Through milk, we see an example of social norms being so entrenched that we never pause to render explicit the ideas that support them, and without doing this, we don’t give ourselves the opportunity to reject them. The belief that cow’s milk is necessary to humans is absurd because it’s based on an absurd model of how nature works.
The representations of humans that underlie Western milk-drinking culture (Three glasses a day! The more the better! Lactose-free milk for the lactose-intolerant!) also point to a narrative of lack. I’ve written about a narrative of lack in regards to the colonization of Mexican food culture, but in this case, the ideas that humans are dependent on cows and that the world’s vast array of plant foods can’t provide our calcium affect us all. To unpack these narratives and unearth the representations that inform our habits may seem like a mere exercise in abstraction, but they have concrete effects on everything from our health to the policies that we support with our tax dollars. Deconstructing them is an important part of the effort to create a food system built around nourishing people, not lining shareholder pockets. As we unpack dominant ideas, we can consider whether they make sense, whom they serve, and what their alternatives might be.

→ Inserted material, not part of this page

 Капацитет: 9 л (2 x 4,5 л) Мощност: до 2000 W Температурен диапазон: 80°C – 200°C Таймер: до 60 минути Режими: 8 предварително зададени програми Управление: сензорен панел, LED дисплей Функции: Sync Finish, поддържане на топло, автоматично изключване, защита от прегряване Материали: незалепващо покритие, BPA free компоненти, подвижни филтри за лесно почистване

Many myths of scarcity dominate our increasingly globalized food system: they serve to legitimize corporate takeover and westernization, loss of sovereignty and biodiversity. As I unravel them, I will also share stories of abundance. Like tortillas and chia seeds in Mexico, other countries are rich in foods, traditions and biodiversity that are overlooked, undervalued, erased and destroyed. If we want to defend them, we need to truly understand that there is something to defend and build upon. In the meantime, I posit that nature has offered humans an abundance of nutritious plants to eat, that we can thrive without the milk of other animals, and in fact, we’re best off without.

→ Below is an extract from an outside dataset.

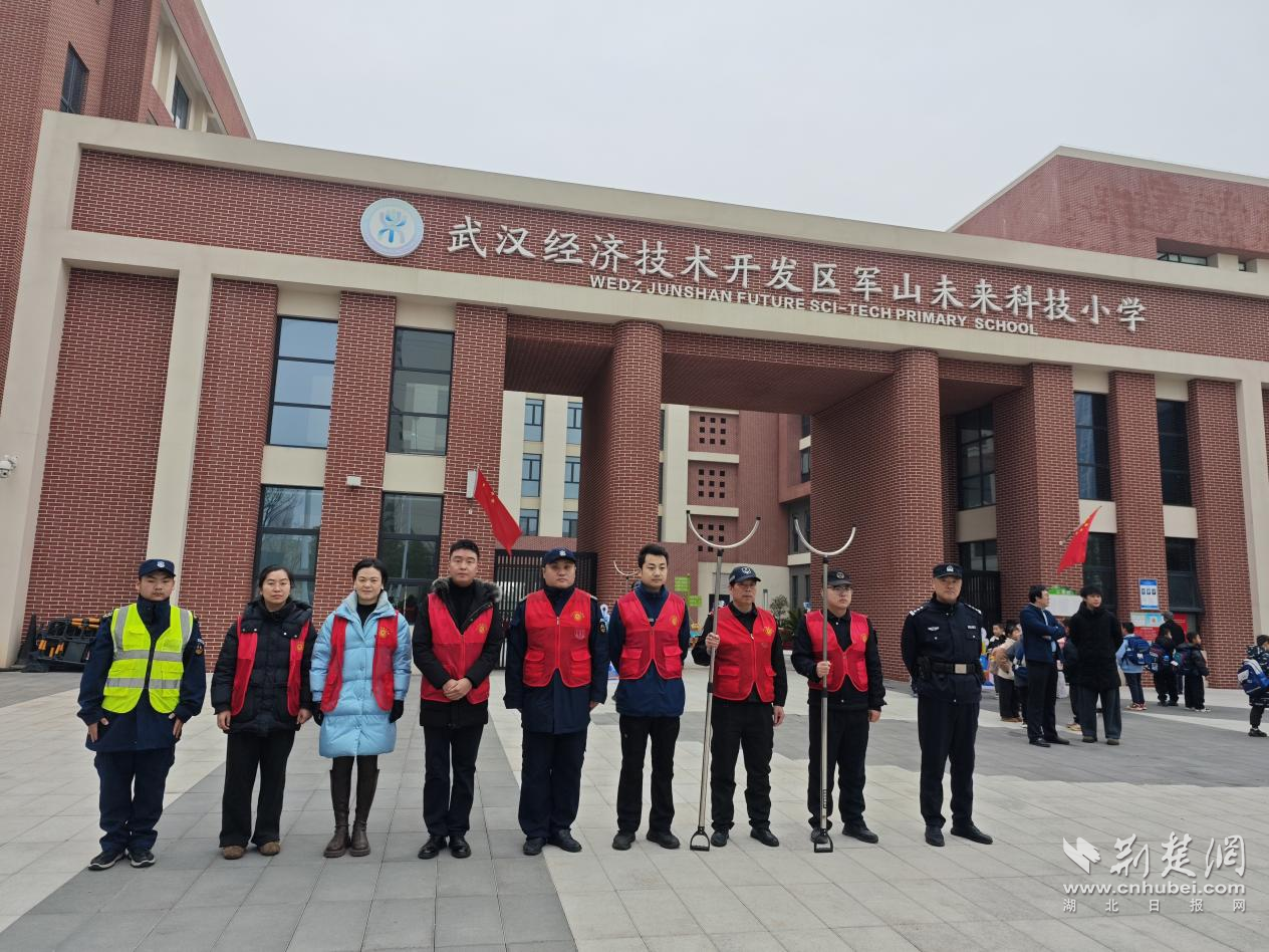 荊楚網(wǎng)(湖北日報網(wǎng))訊(通訊員 吳曉琪、楊慕曦、曹悅、黃盈)春風送暖,開學啟航。3月4日,2026年春季新學期開學第一天,武漢經(jīng)開區(qū)軍山新城蒲潭社區(qū)、龍湖社區(qū)、小軍山社區(qū)、川江池社區(qū)同步啟動春季開學護學專項行動,聯(lián)動社區(qū)志愿者、民警、物業(yè)等多方力量,在學校周邊引導接送車輛即停即走,護送學生安全通過馬路,及時排查消除各類安全隱患,用實際行動為孩子們筑起了一道安全的“防護墻”,為廣大師生營造了安全、有序、暢通的入學環(huán)境。

I spoke about the importance of building the veganic movement at the Compassionate Living potluck this weekend and I will give a few more talks on this topic in the next months. It is wonderful to see interest in this issue catching on. When I decided to focus on veganics a few years ago, there was very little information on social media and even less interest. In Fall 2015, while organizing the first People’s Harvest Forum, I went to a local animal rights meetup to present on what I was doing and why, and I told them that even from a strictly animal rights perspective, activists need to prioritize veganic farming. As the food movement gained popularity, the image of animal-based sustainable agriculture that it put forth was serving to delegitimize veganism. But it seemed niche and abstract to speak about how food is grown, only relevant to food activists or gardening hobbyists, and there was no interest. Less than two years later, the same group is now organizing their own discussions on veganics.
It’s a good time to clarify what my advocacy of veganic farming is about. My message is not that animal agriculture can never be sustainable or that veganic is the only way to achieve the goals of the food movement. It’s great to debunk misinformation around the sustainability of organic and small-scale animal agriculture; I do a bit of that in my presentations and I plan to do more. However, I am primarily coming at this from a different angle. I aim to show that agroecology can exist within a vegan framework. We do not have to choose between agroecology and animal liberation, and we should neither stand for the delegitimization of veganism that occurs when only one version of organic is made visible, nor reject the positives of this movement because we believe it is incompatible with our ethics.
Within various approaches to growing food, veganic can be thought of as an approach onto itself, distinct from others:
Coming from this latter view, my priority is not to convince people that veganic is more sustainable than other organic approaches, and I do not want to reinforce the notion that agroecology and veganic are discrete categories. When veganism becomes mainstream, all types of farming will exclude cows, chickens, pigs and other so-called farm animals. Of course, we’ll no longer qualify this as vegan, just as we don’t use a qualifier to signal that we exclude dogs from our farming or cooking. As vegans, we don’t need to wait for the majority to get there. We can work within a vegan framework, where agroeocology is automatically vegan agroecology, permaculture is automatically vegan permaculture, and so on.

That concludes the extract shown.